There is a few days left for me to stay here in Boston.
It's been over a month since I once again came back to Boston.
The stay really made me think about many things --about myself, who I am, where I belong, my family, work and the future...
It is so tough to make a decision when it comes with something you need to choose and lose.
There is always something you need to leave behind to choose what you want...
I missed Boston and felt that something was missing in my life last two years. Even though I was working happily and living in Tokyo surrounded by my family and lots of friends with full of laughters, I somehow thought about Boston...I really can't tell why.
It caused me to quit the job, but no regrets so far.
I guess that's my character. "You never give up until you really experience it" I didn't want to keep longing for Boston, complaining being in Tokyo and thinking about what might have been happened if I didn't come back to Japan two years ago...
That would have been hell, really.
Now I think after I have been in Boston for over a month doing what I wanted to do, that I will accept anything happen to me.

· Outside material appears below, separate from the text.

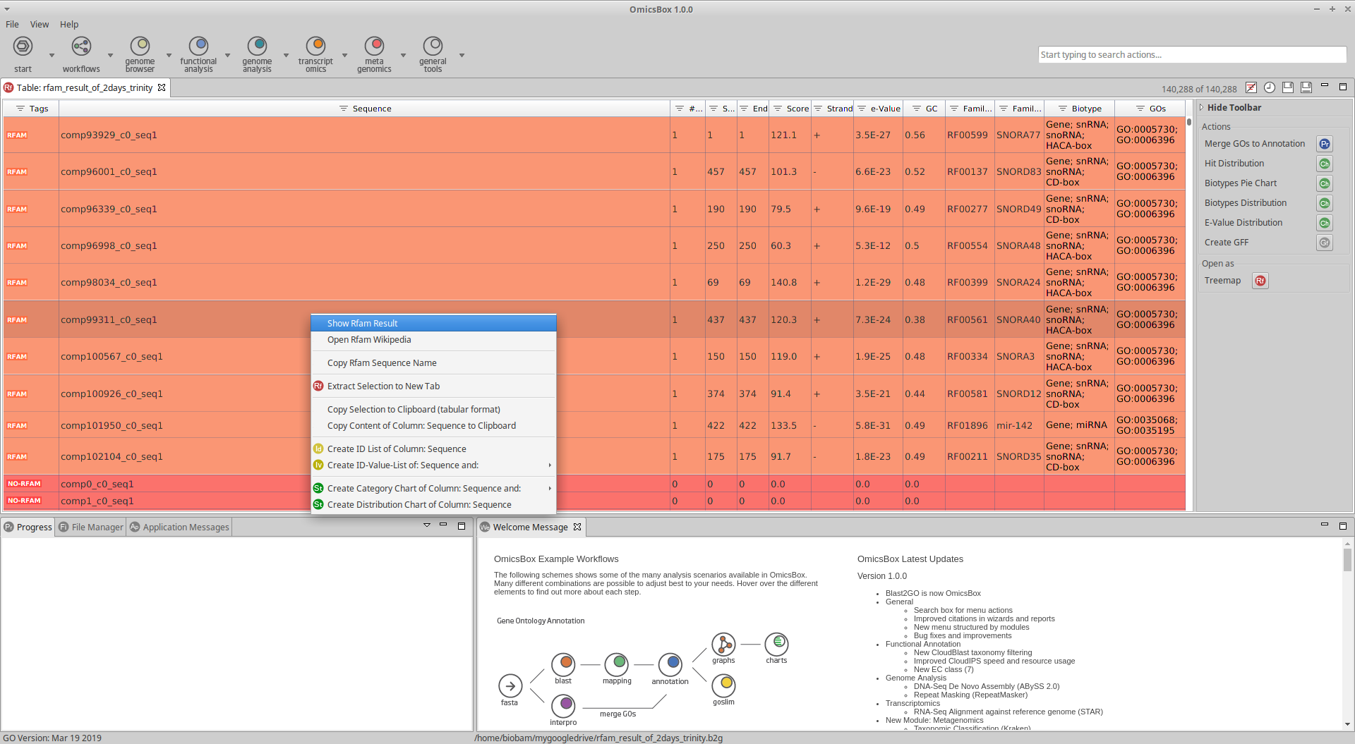 Once Rfam analysis has begun a table with the corresponding results will be displayed in a new tab. Sequences will turn red/orange depending if Rfam found hits for them (red if no hits were found, orange otherwise). White rows are sequences that have not been analysed yet. For each sequence It is possible to consult details about each one of their hits using the context menu (similar to consult Blast results).

When I get a chance to stay in the United States, I will take it.
When I have no choice but staying in Japan, I will try to settle in Tokyo.
Either way, I need to choose and lose something, but the challenge this time meant so much to me. It cleared out my unsettled mind.
I rally thank everyone who supported me.
I sometimes got crazy and blank because of a lot of concerns and negative events...
Lovely friends, thank you for just being there for me and listening to me.
Yeah, that's you.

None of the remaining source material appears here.